Task objective
Keep only the lines of the data below that contain "with", and copy them.

Dataset records

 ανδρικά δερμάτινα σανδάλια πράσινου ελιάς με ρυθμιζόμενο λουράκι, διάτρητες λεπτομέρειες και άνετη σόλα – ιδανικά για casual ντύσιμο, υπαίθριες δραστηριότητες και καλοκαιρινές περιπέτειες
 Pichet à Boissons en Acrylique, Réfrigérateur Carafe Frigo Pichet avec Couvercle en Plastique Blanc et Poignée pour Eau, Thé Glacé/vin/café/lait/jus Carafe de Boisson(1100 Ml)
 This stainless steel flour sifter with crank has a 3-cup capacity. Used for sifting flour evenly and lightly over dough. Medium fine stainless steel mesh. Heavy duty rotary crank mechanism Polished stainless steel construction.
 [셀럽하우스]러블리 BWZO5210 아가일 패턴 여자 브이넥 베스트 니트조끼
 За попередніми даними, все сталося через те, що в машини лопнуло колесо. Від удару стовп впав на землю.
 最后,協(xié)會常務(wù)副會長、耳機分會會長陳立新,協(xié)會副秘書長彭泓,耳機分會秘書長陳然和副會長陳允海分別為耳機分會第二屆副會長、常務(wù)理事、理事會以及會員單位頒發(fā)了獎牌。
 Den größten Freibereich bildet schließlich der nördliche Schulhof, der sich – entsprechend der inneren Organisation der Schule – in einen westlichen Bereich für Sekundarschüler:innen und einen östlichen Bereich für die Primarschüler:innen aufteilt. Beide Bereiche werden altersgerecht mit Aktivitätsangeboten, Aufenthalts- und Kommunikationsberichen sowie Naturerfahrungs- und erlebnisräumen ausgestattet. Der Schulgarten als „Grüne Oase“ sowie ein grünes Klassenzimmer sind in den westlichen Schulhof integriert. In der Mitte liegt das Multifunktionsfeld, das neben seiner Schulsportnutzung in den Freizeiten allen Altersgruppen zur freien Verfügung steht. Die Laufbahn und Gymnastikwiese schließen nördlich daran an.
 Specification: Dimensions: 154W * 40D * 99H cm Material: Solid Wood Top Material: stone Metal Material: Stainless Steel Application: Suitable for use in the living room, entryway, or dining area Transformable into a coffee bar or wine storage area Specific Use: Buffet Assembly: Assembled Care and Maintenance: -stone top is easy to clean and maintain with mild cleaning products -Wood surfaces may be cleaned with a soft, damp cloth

Written answer
 This stainless steel flour sifter with crank has a 3-cup capacity. Used for sifting flour evenly and lightly over dough. Medium fine stainless steel mesh. Heavy duty rotary crank mechanism Polished stainless steel construction.
 Specification: Dimensions: 154W * 40D * 99H cm Material: Solid Wood Top Material: stone Metal Material: Stainless Steel Application: Suitable for use in the living room, entryway, or dining area Transformable into a coffee bar or wine storage area Specific Use: Buffet Assembly: Assembled Care and Maintenance: -stone top is easy to clean and maintain with mild cleaning products -Wood surfaces may be cleaned with a soft, damp cloth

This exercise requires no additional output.